WHAT IS REQUIRED ▸ Leaving the pictures aside, reproduce the data in full and word for word.

PROVIDED MATERIAL ▸
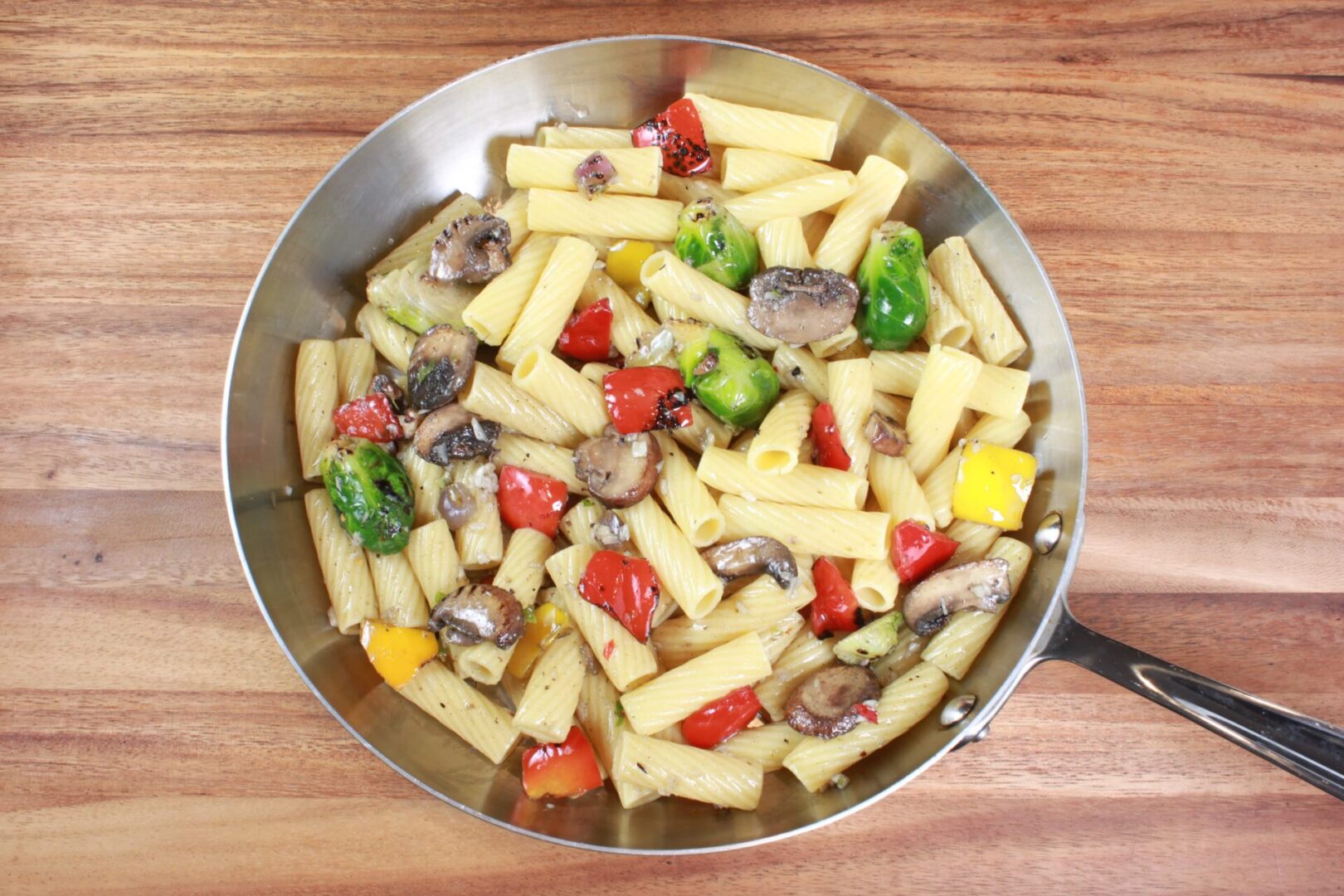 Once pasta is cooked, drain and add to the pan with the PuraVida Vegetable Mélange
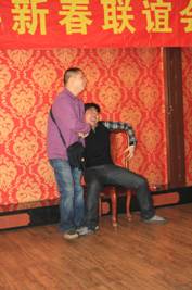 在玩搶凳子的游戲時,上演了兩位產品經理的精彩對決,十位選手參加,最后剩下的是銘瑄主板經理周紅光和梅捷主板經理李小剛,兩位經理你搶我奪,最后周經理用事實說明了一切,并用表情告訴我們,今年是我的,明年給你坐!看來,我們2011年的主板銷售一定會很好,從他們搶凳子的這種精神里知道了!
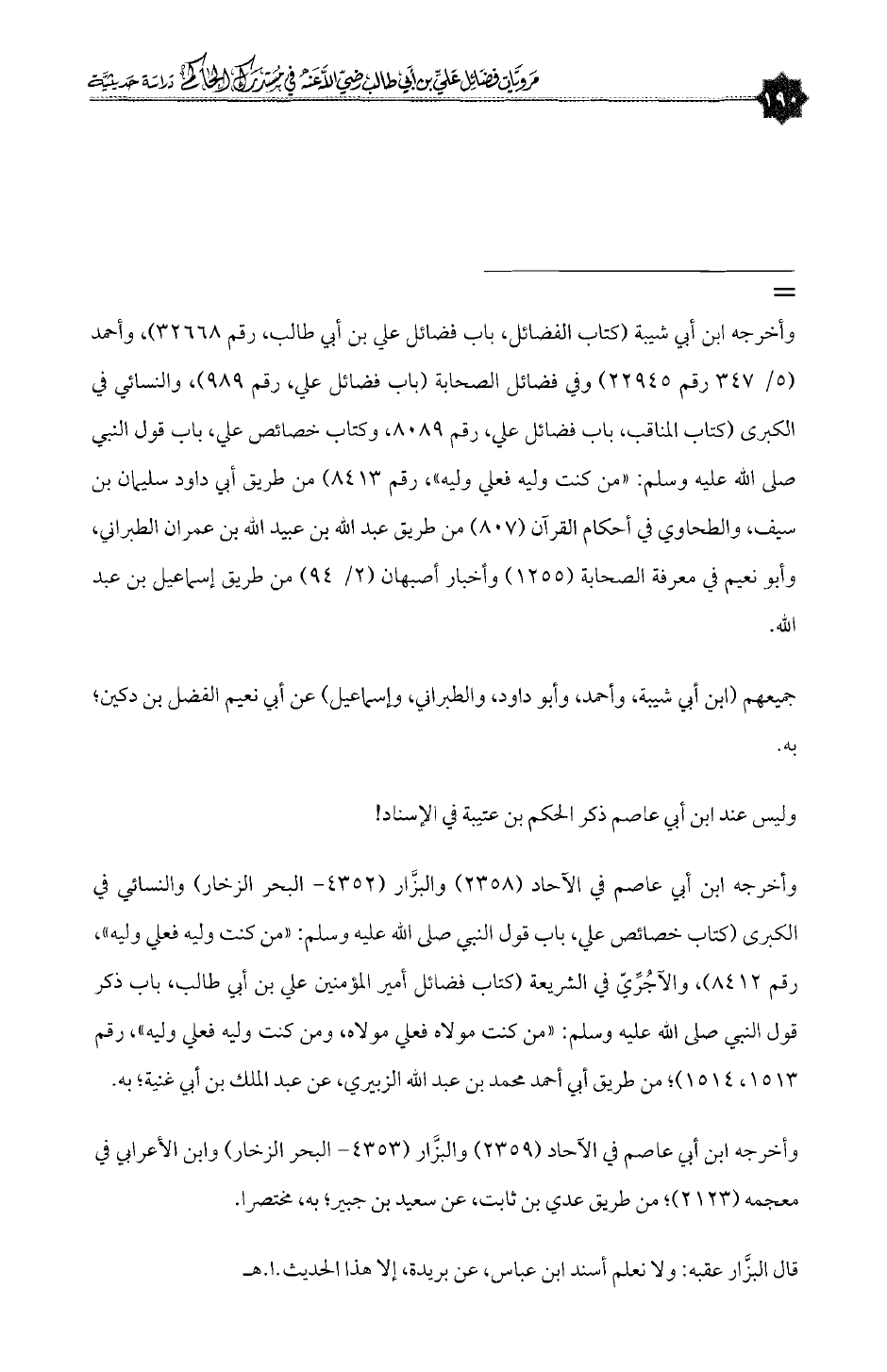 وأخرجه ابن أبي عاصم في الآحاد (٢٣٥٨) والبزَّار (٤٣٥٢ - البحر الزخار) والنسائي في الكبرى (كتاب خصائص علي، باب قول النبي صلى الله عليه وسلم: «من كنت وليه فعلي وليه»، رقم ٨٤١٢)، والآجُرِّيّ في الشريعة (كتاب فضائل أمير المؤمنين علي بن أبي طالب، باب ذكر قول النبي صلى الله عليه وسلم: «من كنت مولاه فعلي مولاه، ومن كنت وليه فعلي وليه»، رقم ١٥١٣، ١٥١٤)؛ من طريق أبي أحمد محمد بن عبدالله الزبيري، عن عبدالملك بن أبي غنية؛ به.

TASK ANSWER ▸
 Once pasta is cooked, drain and add to the pan with the PuraVida Vegetable Mélange
 在玩搶凳子的游戲時,上演了兩位產品經理的精彩對決,十位選手參加,最后剩下的是銘瑄主板經理周紅光和梅捷主板經理李小剛,兩位經理你搶我奪,最后周經理用事實說明了一切,并用表情告訴我們,今年是我的,明年給你坐!看來,我們2011年的主板銷售一定會很好,從他們搶凳子的這種精神里知道了!
 وأخرجه ابن أبي عاصم في الآحاد (٢٣٥٨) والبزَّار (٤٣٥٢ - البحر الزخار) والنسائي في الكبرى (كتاب خصائص علي، باب قول النبي صلى الله عليه وسلم: «من كنت وليه فعلي وليه»، رقم ٨٤١٢)، والآجُرِّيّ في الشريعة (كتاب فضائل أمير المؤمنين علي بن أبي طالب، باب ذكر قول النبي صلى الله عليه وسلم: «من كنت مولاه فعلي مولاه، ومن كنت وليه فعلي وليه»، رقم ١٥١٣، ١٥١٤)؛ من طريق أبي أحمد محمد بن عبدالله الزبيري، عن عبدالملك بن أبي غنية؛ به.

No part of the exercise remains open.